Deep Learning Weekly Issue #143
Acquisitions by Ikea and Niantic, Huawei's AI framework, Facebook's RegNet model, Core ML + TFLite and more...
This week in deep learning we bring you acquisitions by Ikea and Niantic, a PyTorch / TensorFlow competitor from Huawei, a look at TensorFlow Lite’s new Core ML delegate, and an impressive new background matting technique from researchers at the University of Washington.
You may also enjoy Facebook’s new GPU optimized RegNet architecture, AutoAugment at Waymo, a PyTorch implementation of lossless image compression with super-resolution, a new method for simultaneous object detection and tracking, using neural radiance fields for view synthesis, a great webinar on tinyML, and more!
As always, happy reading and hacking. If you have something you think should be in next week's issue, find us on Twitter: @dl_weekly.
Until next week!
Coronavirus has decimated many industries. AI startups in the early days of revenue growth are particularly vulnerable right now.
An interesting application of deep learning to identify candidate fragrances for perfume makers.
Retailers are continuing to invest in new technologies to help consumers try and buy items.
Niantic (of Pokemon Go fame) has acquired 6D.ai, an AR startup with technology for rapidly building 3D representations of physical spaces.
Huawei open-sources a PyTorch / TensorFlow competitor that is (naturally) optimized for their hardware.
Mobile + Edge
TensorFlow Lite will soon gain access to the Apple Neural Engine on iOS devices via a Core ML delegate.
Pete Warden gives a nice introduction to tinyML, running ML models on embedded devices.
TFJS is re-organizing backends to make deploys smaller.
A new style transfer training method produces results suitable for multi-view applications like VR.
Dive into Deep Learning: an interactive deep learning book on Jupyter notebooks, using the NumPy interface.
Waymo improves car perception by using AutoAugment during model training.
New research out of Facebook finds a much faster architecture using a mix of bespoke and computer aided network design.
Libraries & Code
PyTorch Implementation of "Lossless Image Compression through Super-Resolution"
Simultaneous object detection and tracking using center points.
A PyTorch library for the reproducibility of GAN research.
Keras-like shape inference for PyTorch layers.
Papers & Publications
Abstract: We propose a method for creating a matte – the per-pixel foreground color and alpha – of a person by taking photos or videos in an everyday setting with a handheld camera. Most existing matting methods require a green screen background or a manually created trimap to produce a good matte. Automatic, trimap-free methods are appearing, but are not of comparable quality. In our trimap free approach, we ask the user to take an additional photo of the background without the subject at the time of capture. This step requires a small amount of foresight but is far less time consuming than creating a trimap. We train a deep network with an adversarial loss to predict the matte. We first train a matting network with supervised loss on ground truth data with synthetic composites. To bridge the domain gap to real imagery with no labeling, we train another matting network guided by the first network and by a discriminator that judges the quality of composites. We demonstrate results on a wide variety of photos and videos and show significant improvement over the state of the art.

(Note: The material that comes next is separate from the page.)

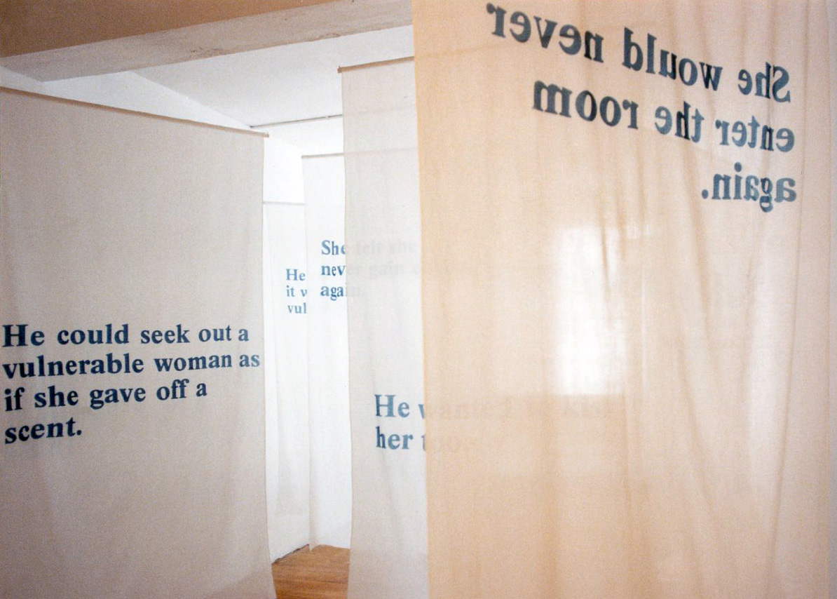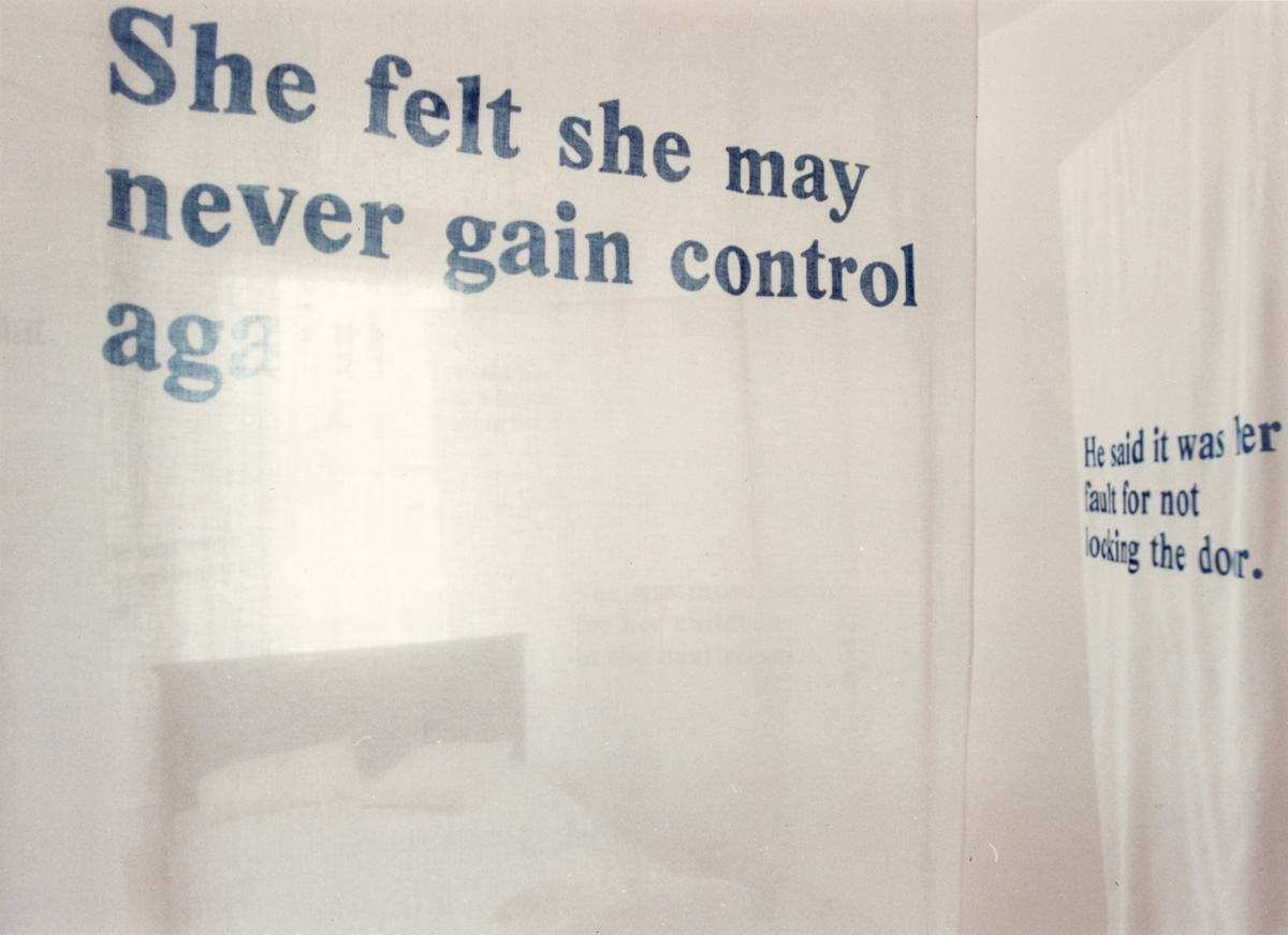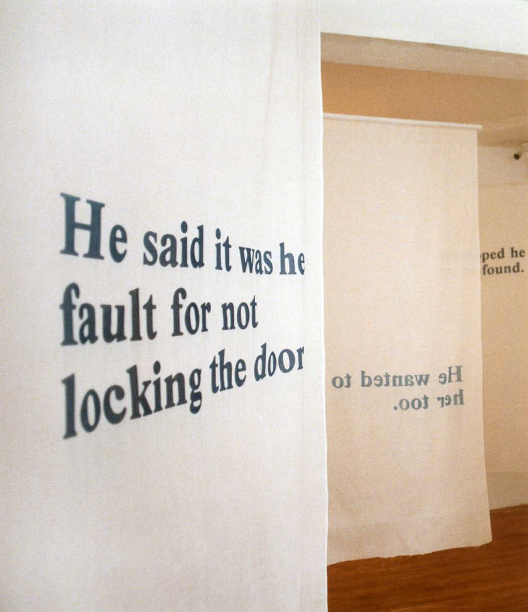 In Rape: A Crime Report, 1984, viewers enter a room filled with a maze of sheer cotton organdy panels on which simple declarative sentences are exposed using the cyanotype photographic process. Sentences that begin with “He” or “She” are a distillation of multiple accounts gathered through interviews and research by Fessler, and refer to the psychological state of both the woman and man involved. “He said it was her fault for not locking the door.” “She was more afraid for her children in the next room.” The sentences are printed at varying heights on the semi-transparent fabric, allowing viewers to see through one cloth to the next, but the specific words are hazy, and as viewers move closer to read them and find themselves entangled deeper in the maze.

We present a method that achieves state-of-the-art results for synthesizing novel views of complex scenes by optimizing an underlying continuous volumetric scene function using a sparse set of input views. Our algorithm represents a scene using a fully-connected (non-convolutional) deep network, whose input is a single continuous 5D coordinate (spatial location (x,y,z) and viewing direction (θ,ϕ)) and whose output is the volume density and view-dependent emitted radiance at that spatial location. We synthesize views by querying 5D coordinates along camera rays and use classic volume rendering techniques to project the output colors and densities into an image. Because volume rendering is naturally differentiable, the only input required to optimize our representation is a set of images with known camera poses. We describe how to effectively optimize neural radiance fields to render photorealistic novel views of scenes with complicated geometry and appearance, and demonstrate results that outperform prior work on neural rendering and view synthesis. View synthesis results are best viewed as videos, so we urge readers to view our supplementary video for convincing comparisons.